[[ Dataset extract, beginning ]]

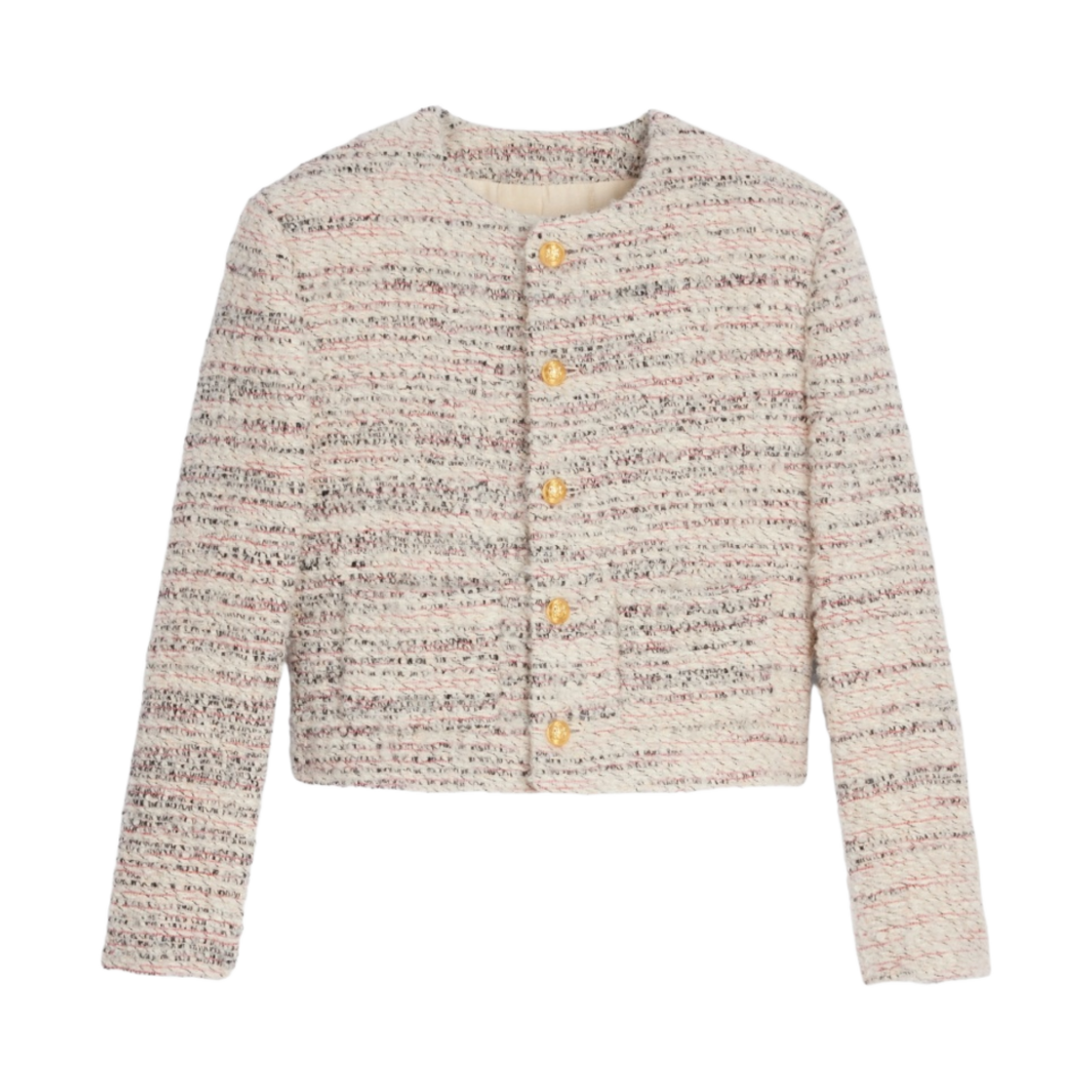 (W) Celine Chasseur Jacket in Artisanal Tweed Ecru Multicolor
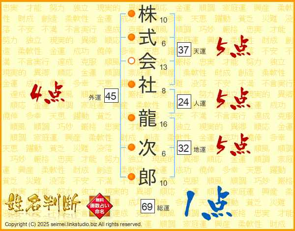 株(10画)式(6画)会(13画)社(8画) 龍(16画)次(6画)郎(10画)
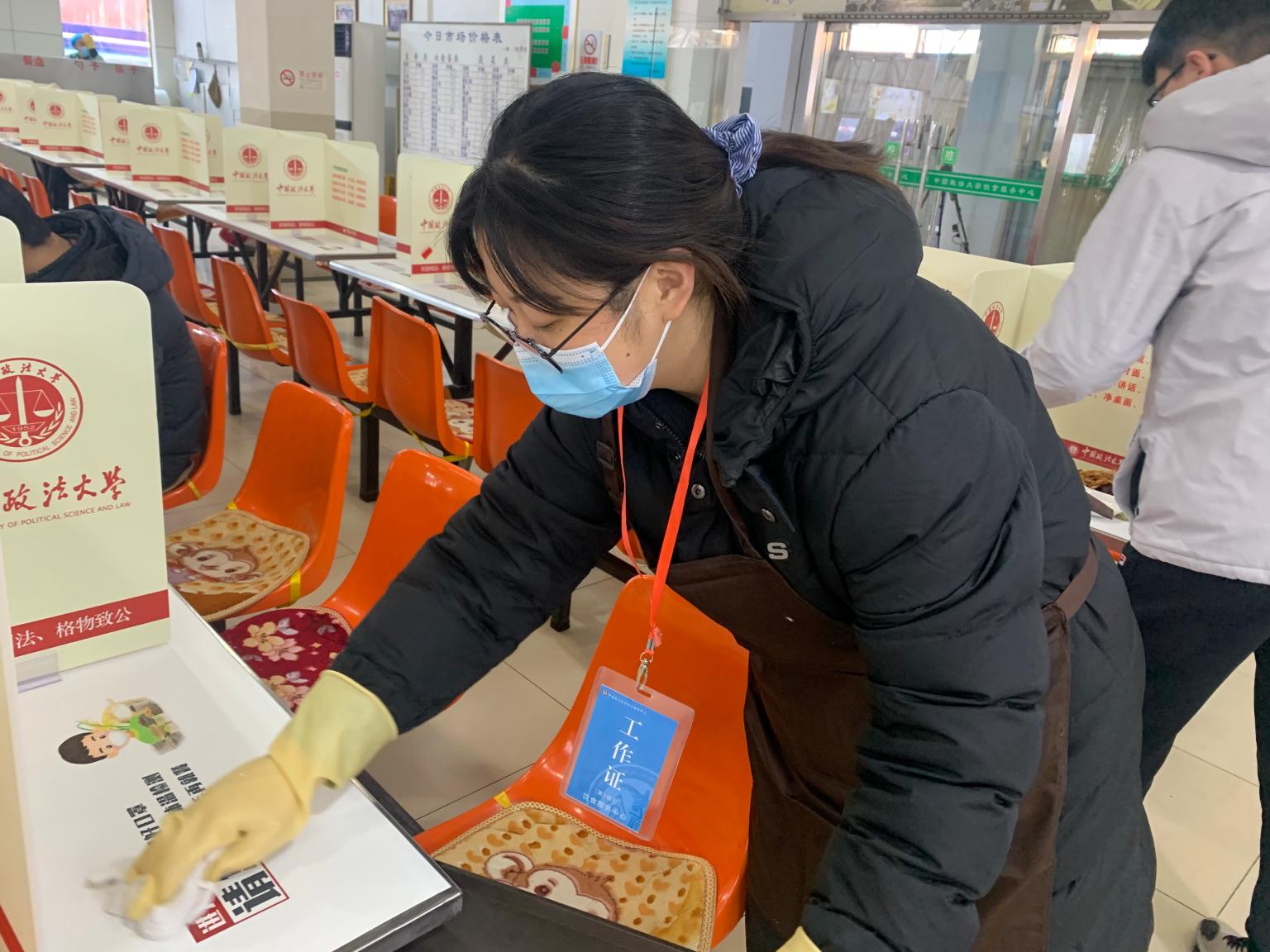 2020级行政管理专业的硕士研究生王文瑜在12月26日是担任食堂保洁工作,她的工作内容是比较辛苦的,主要是在午饭时间协助食堂阿姨进行收餐工作。当问及为什么选择来参加这个志愿岗位,王文瑜同学说道:“希望通过志愿活动认识学校的后勤保障工作如何运转,同时增强自己的劳动意识。”在体验完这份工作岗位时,她觉得虽然比较的辛苦要不怕脏,但时又收获了很多。“我报名的是食堂保洁岗位,通过短暂的收餐工作,我体会到食堂叔叔阿姨为保障师生的用餐环境做出了很多努力,他们的付出的劳动值得我们尊重。”王文瑜说。

[[ Dataset extract, end ]]

- **Problem statement**: Quote each line of the listing exactly, but leave the pictures out.

- **Answer for the task**:
 (W) Celine Chasseur Jacket in Artisanal Tweed Ecru Multicolor
 株(10画)式(6画)会(13画)社(8画) 龍(16画)次(6画)郎(10画)
 2020级行政管理专业的硕士研究生王文瑜在12月26日是担任食堂保洁工作,她的工作内容是比较辛苦的,主要是在午饭时间协助食堂阿姨进行收餐工作。当问及为什么选择来参加这个志愿岗位,王文瑜同学说道:“希望通过志愿活动认识学校的后勤保障工作如何运转,同时增强自己的劳动意识。”在体验完这份工作岗位时,她觉得虽然比较的辛苦要不怕脏,但时又收获了很多。“我报名的是食堂保洁岗位,通过短暂的收餐工作,我体会到食堂叔叔阿姨为保障师生的用餐环境做出了很多努力,他们的付出的劳动值得我们尊重。”王文瑜说。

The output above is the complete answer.